Given $s - \frac1n$ isn't a lower bound of $A$. So $s -\frac1n< a,\ a\in A\implies A\ne\emptyset$. Also, from the hypothesis, $A$ is bounded above. So, $\exists t=\sup A$.

$t\geqslant a\ \forall a\in A$. From the hypothesis, for some $a$, we have $s-\frac1n\leqslant a$, so, we have, $-\frac1n\leqslant a\leqslant t$, which means $s-\frac1n\leqslant t$.

Since $t$ is the supremum of $A$ and $s +\frac1n$ is an upper bound, we have $t\leqslant s+\frac1n$.

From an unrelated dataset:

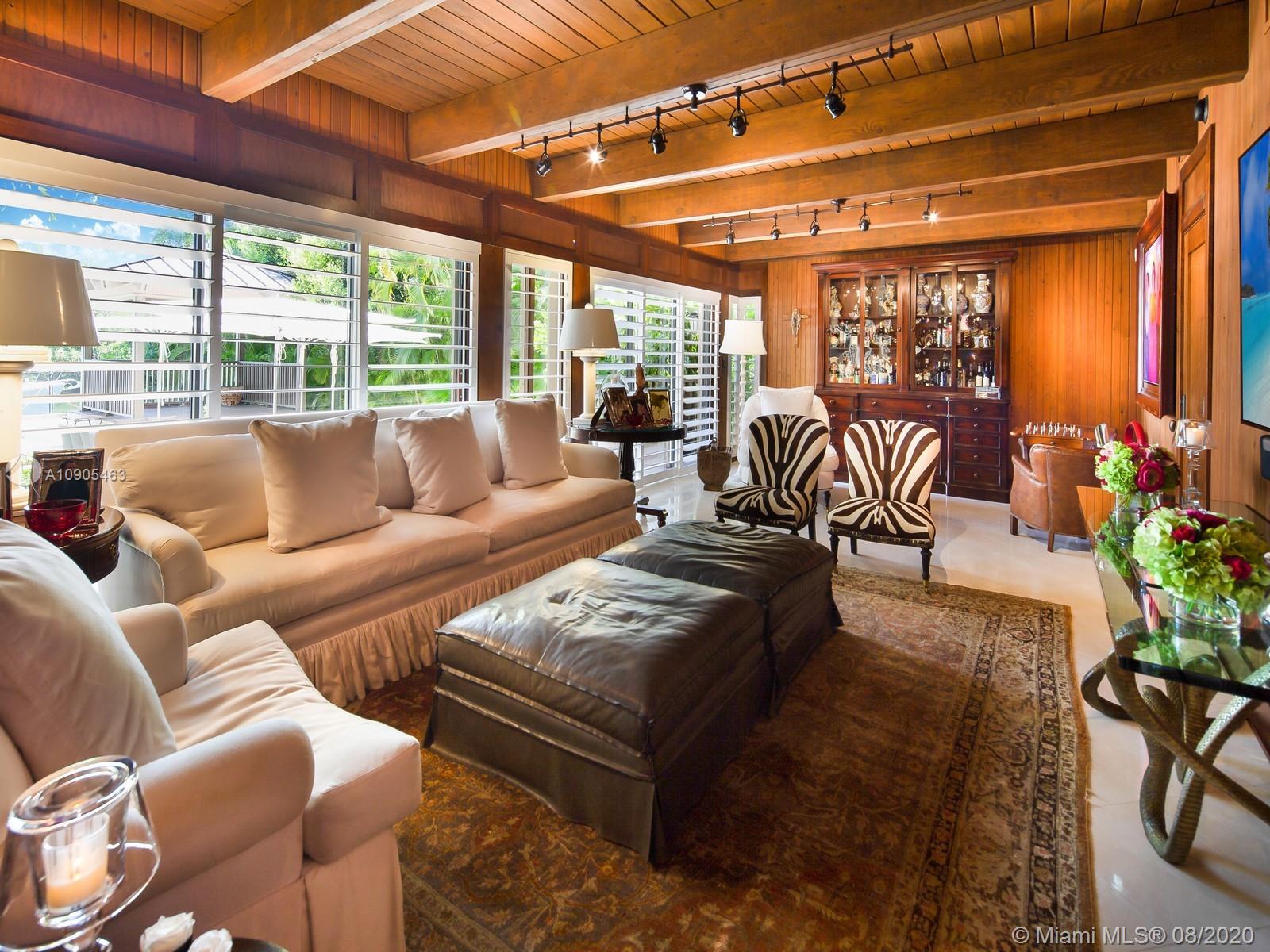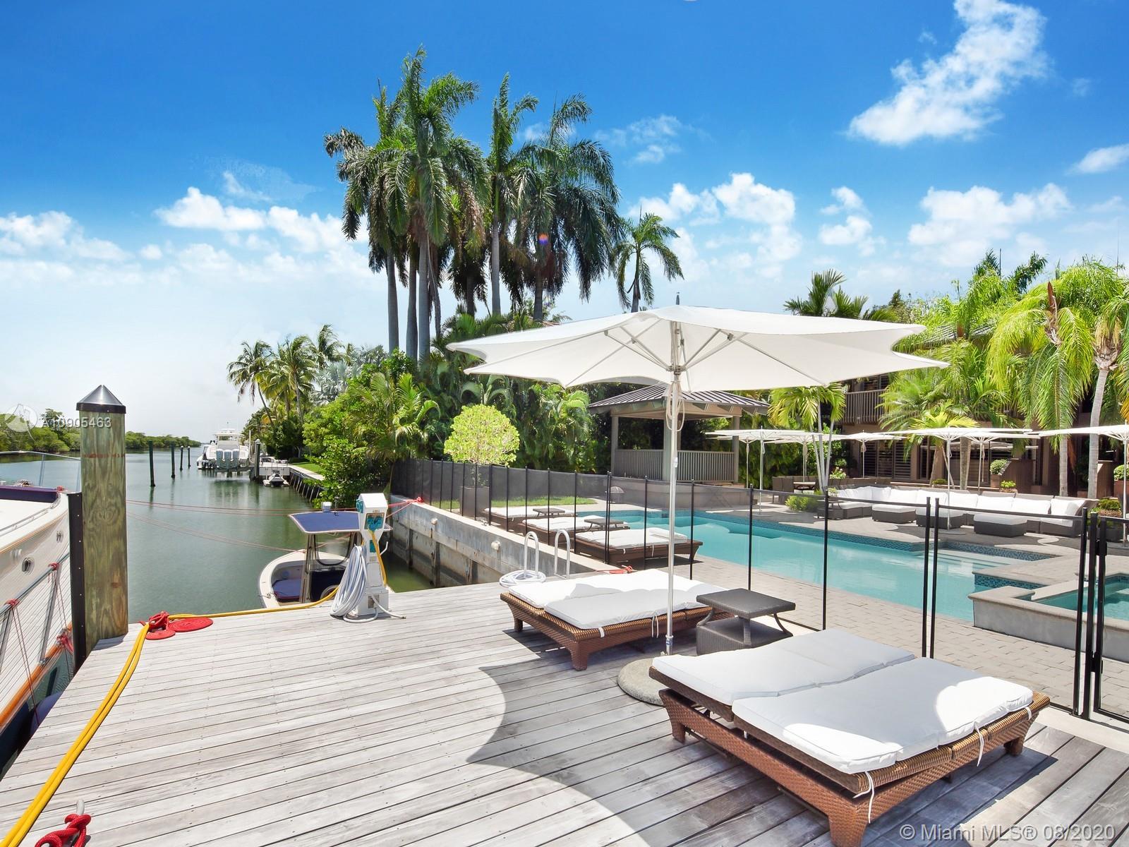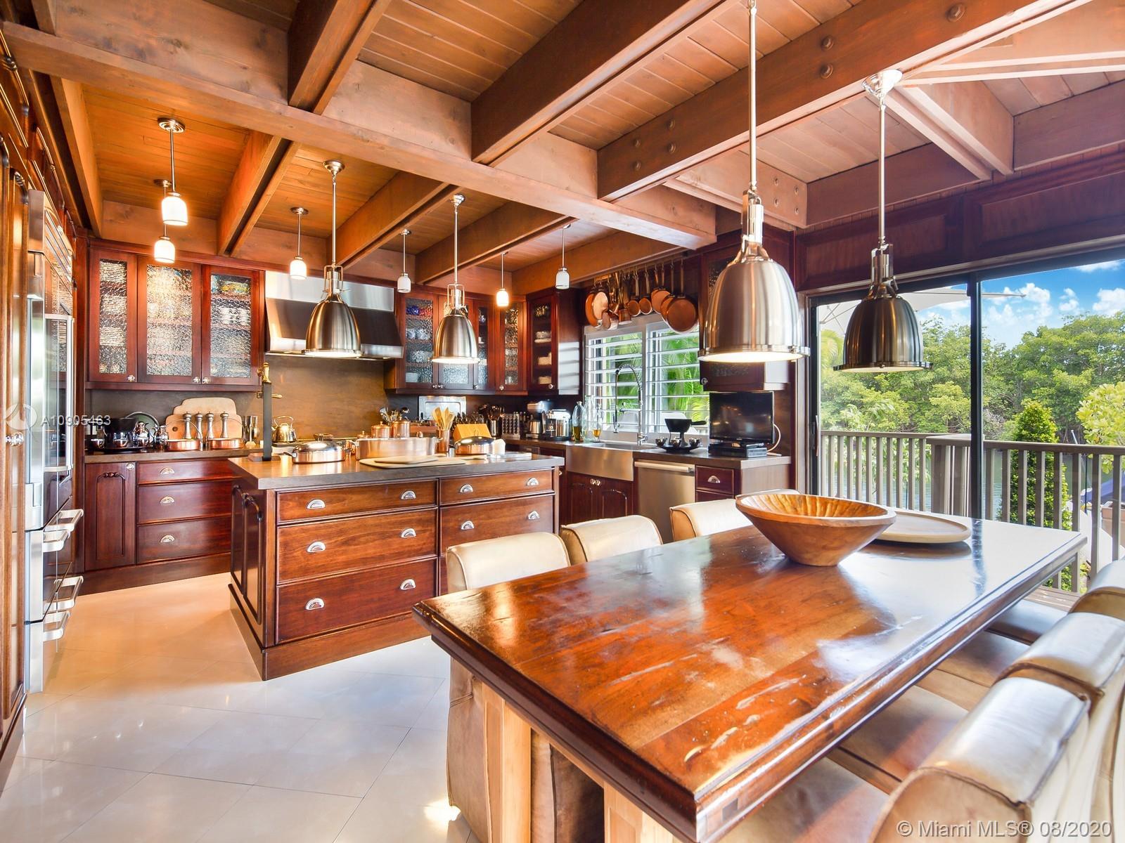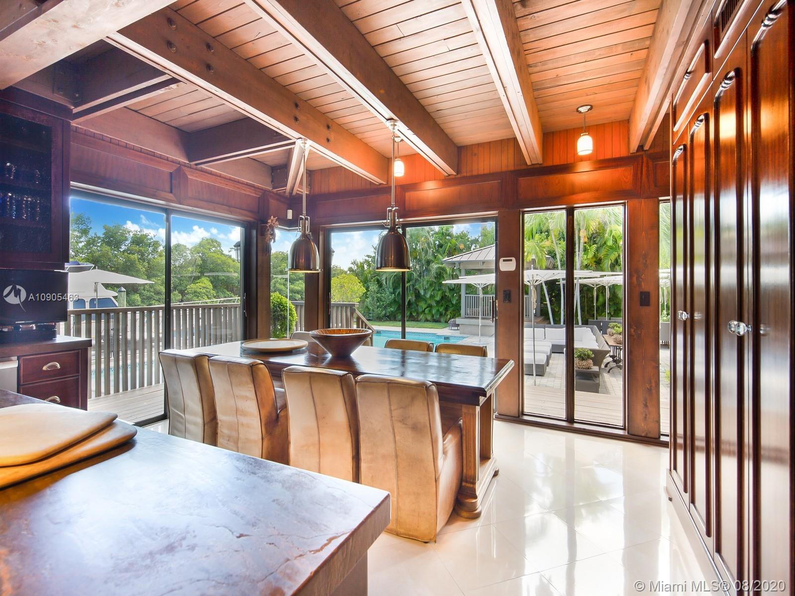 Key Biscayne waterfront in Cape Florida on Pines Canals. Refreshingly scaled for gracious living. This unique custom home designed by architect John Albert Weller features vaulted ceilings throughout, 5 bedrooms 5 full baths 1 powder bath. The understated interiors; all with water views, Gourmet kitchen with Wolfe gas stove, Miele dishwasher, Subzero refrigerator freezer, subzero wine cooler and a subzero ice maker & pantry. The exterior features lush landscaping for privacy with an open layout patio area great for entertaining with a gazebo, pool. The new recently built dock in IPE, can moor a large vessel, has a sun deck, new piles, fortified seawall, no bridges to bay the waterfrontage is 100 ft the lot is over 17,000 sq feet. This rustic home is one of a kind.
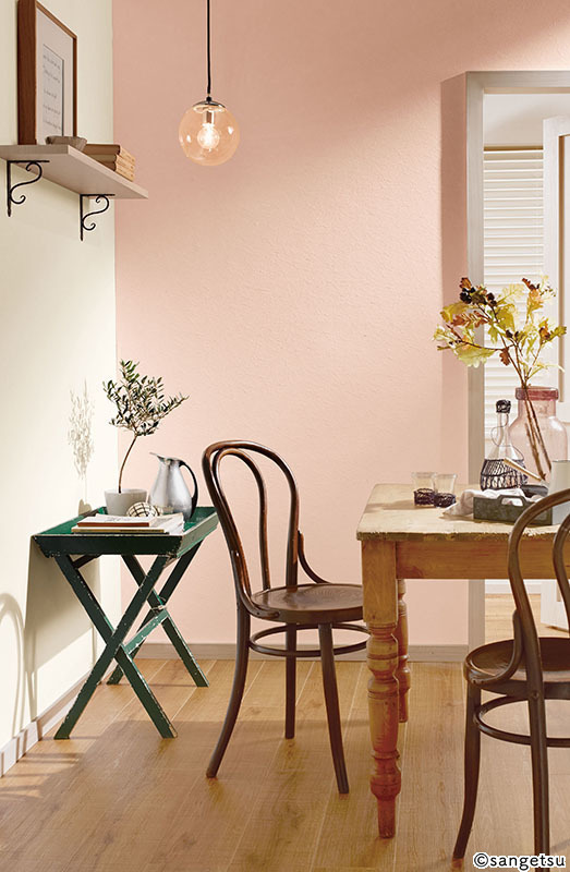 家族や友人が集うリビングは、広い空間を魅力的に演出できるスペースです。ソファなど大きな家具があるので、調度品に合ったシンプルな色がおすすめです。長い時間を過ごすスペースなので、ベージュや淡いピンクなどやさしい暖色系は気持ちが落ち着き温かみのあるお部屋になりおすすめです。また明るい色は部屋を広く見せます。一部の壁を柄物や色味の違うアクセントクロスを使うとおしゃれな雰囲気になります。

Now we have, $s-\frac1n\leqslant t\leqslant s+\frac1n$, so, as $n\to\infty$, we get $s=t$.

Is my solution correct?

Thanks in advance.

Answer 1

Your proof is correct indeed, but I would try to avoid using limits to prove it. You can simply say that$$s-\frac1n\leqslant t\leqslant s+\frac1n\iff|t-s|\leqslant\frac1n.$$We can't have $|t-s|>0$, by the Archimedian property of the real numbers. So, since $|t-s|\geqslant0$, we have $|t-s|=0$. In other words, $t=s$.

Answer 2

Your proof is correct, but it can be done in a more straightforward way.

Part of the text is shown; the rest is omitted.